Table 3 Measurement conditions

# 3.2 Simple Power Analysis (SPA)

SPA<sup>1)</sup> is one of the most fundamental power analysis attacks. It is used to estimate the secret information directly from a power trace measured during a cipher operation. Because the RSA scheme deals with long words in its computation, it takes hundreds or thousands of cycles for a single modular exponentiation operation even with dedicated hardware. As shown in Figure 36, SPA on RSA derives the secret information by identifying the power trace segments of each of square and multiply operations. The factors of the difference in their power consumption include deviations in switching characteristics of transistors, operation times, and difference in the control logic.



Figure 36 SPA on the RSA scheme

Figure 37(a) and (b) represent the power traces for the RSA hardware implemented with the same Verilog-HDL code on the ASIC (In this section, we refer to the cryptographic LSI as ASIC.) of the SASEBO-R and on the FPGA of the SASEBO-G, respectively. Both used random numbers as inputs. The power trace for the FPGA is about 5 times larger in amplitude than for the ASIC. A significant difference in shape between their power traces can also be seen. Thus, even though they have the similar circuit structures, the power traces significantly differ from each other depending on the implementation conditions and the device. It is difficult to distinguish between square operations and multiply operations on the power traces in Figure 37 (a) and (b). However, applying a low pass filter (cut-off frequency of 80 MHz) to the oscilloscope input to eliminate noise made a clear difference for the FPGA as shown in Figure 38.
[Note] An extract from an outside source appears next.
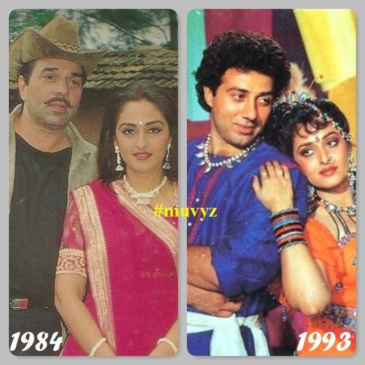 Jaya Prada did films Farishtey and Shehzaade opposite Dharmendra in which she played his love interest. She also gave romantic scenes with his son Sunny Deol in the film Veerta.
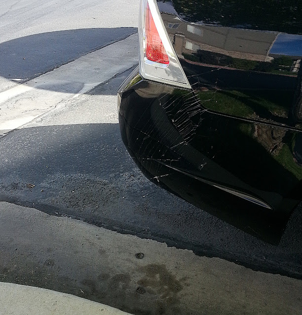 There is an eentsy-weentsy spider that instead of going up the water spout, goes to work making intense webs every night. There's always a huge web between my car and a tree or my car and the car next to it every morning when I come outside. You can't see it very well in the picture, but it's crazy huge, only to be destroyed every day when I leave. I feel bad for the poor little fella cuz he clearly tries so hard.

Vertical axis: 5mV/div Horizontal axis: 250ms/div Vertical axis: 20mV/div Horizontal axis: 250ms/div Figure 37 Power traces with random number inputs (without filtering)



Figure 38 Power traces with random number inputs (with filtering)

### 3.3 Chosen-Plaintext SPA

For SPA, it is necessary to distinguish between the power trace shapes of square operations and multiply operations executed in a modular exponentiation operation. However, as shown above, the difference is not necessarily observable for a random number input because the operation data is different every time. Furthermore, if a single computing unit executes squaring and multiplication in the same sequence, distinguishing these operations will become harder. To address this problem, some attack methods that combine SPA with chosen plaintext to enhance the difference of the operations depending on a key bit have been proposed.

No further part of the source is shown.